Database creation and manipulation by Driver
BioCypher also provides a driver for each of the supported DBMSs. The driver can be used to create a database and to write nodes and edges to it, as well as allowing more subtle manipulation usually not encountered in creating a database from scratch as in the file-based workflow. This includes merging (creation of entities only if they don't exist) and deletion. For example:
from biocypher import BioCypher
bc = BioCypher()
# given lists of nodes and edges
bc.merge_nodes(node_set_1)
bc.merge_edges(edge_set_1)
bc.merge_nodes(node_set_2)
bc.merge_edges(edge_set_2)
Details about the connector module responsible for these methods can be found here.
Download and cache functionality
BioCypher provides a download and cache functionality for resources. Resources are defined via the abstract Resource
class, which have a name, a (set of) URL(s), and a lifetime (in days, set to 0 for infinite). Two classes inherit from the Resource
class, the FileDownload
class and APIRequest
class. The Downloader
can deal with single files, lists of files, compressed files, and directories (which needs to be indicated using the is_dir
parameter of the FileDownload
). It uses Pooch under the hood to handle the downloading of files and Python's requests library to perform API requests. Example usage:
from biocypher import BioCypher, FileDownload, APIRequest
bc = BioCypher()
resource1 = FileDownload(
name="file_list_resource",
url_s=[
"https://example.com/file_download1.txt",
"https://example.com/file_download2.txt"
],
lifetime=1
)
resource2 = FileDownload(
name="zipped_resource",
url_s="https://example.com/file_download3.zip",
lifetime=7
)
resource3 = FileDownload(
name="directory_resource",
url_s="https://example.com/file_download4/",
lifetime=7,
is_dir=True,
)
resource4 = APIRequest(
name="list_api_request",
url_s=[
"https://api.example.org/api_request1",
"https://api.example.org/api_request2",
],
life_time=7,
)
resource5 = APIRequest(
name="api_request",
url_s="https://api.example.org/api_request1",
life_time=7,
)
resource_list = [resource1, resource2, resource3, resource4, resource5]

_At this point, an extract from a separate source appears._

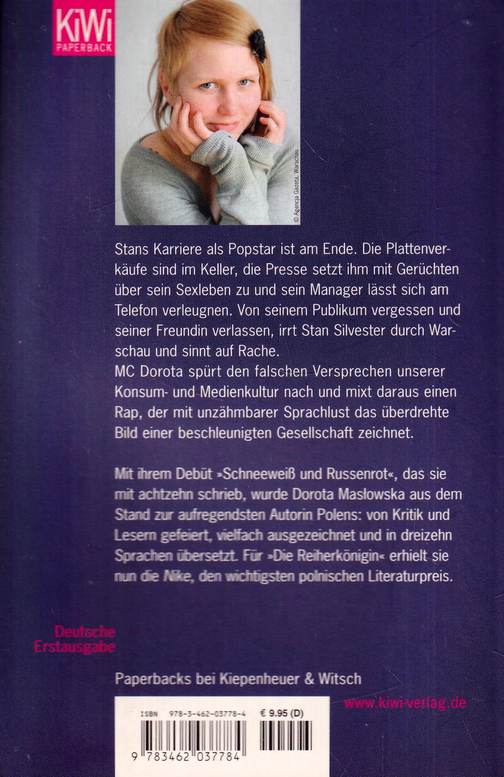 Der Star der polnischen Literatur rappt Nach ihrem Debut Schneeweiss und Russenrot, das von Kritikern und Lesern gleichermassen gefeiert worden ist, landete Dorota Maslowska mit_ Die Reiherkönigin_ ihren nächsten grossen Coup. Ein schonungsloser Rap über den Existenzkampf in der Medien- und Konsumwelt, der mit dem renommierten_ NIKE-_Preis ausgezeichnet wurde.

paths = bc.download(resource_list)
The files and API requests will be stored in the cache directory, in subfolders
according to the names of the resources, and additionally determined by Pooch
(e.g., extraction of zip files can result in multiple new files). All paths of
downloaded files are returned by the download
method. The Downloader
class
can also be used directly, without the BioCypher instance. You can set the cache
directory in the configuration file; if not set, it will use the
TemporaryDirectory.name()
method from the tempfile
module. More details
about the Resource
, FileDownload
, APIRequest
and Downloader
classes can
be found here.
Ontology ingestion, parsing, and manipulation
BioCypher has dedicated modules for processing ontologies, details here.
Base classes for node and edge representations in BioCypher
BioCypher has abstract graph handling for internal use, details here.
Translation functionality for implemented types of representation
BioCypher translates between input data types and the ontology-mapped internal representation of the graph, details here.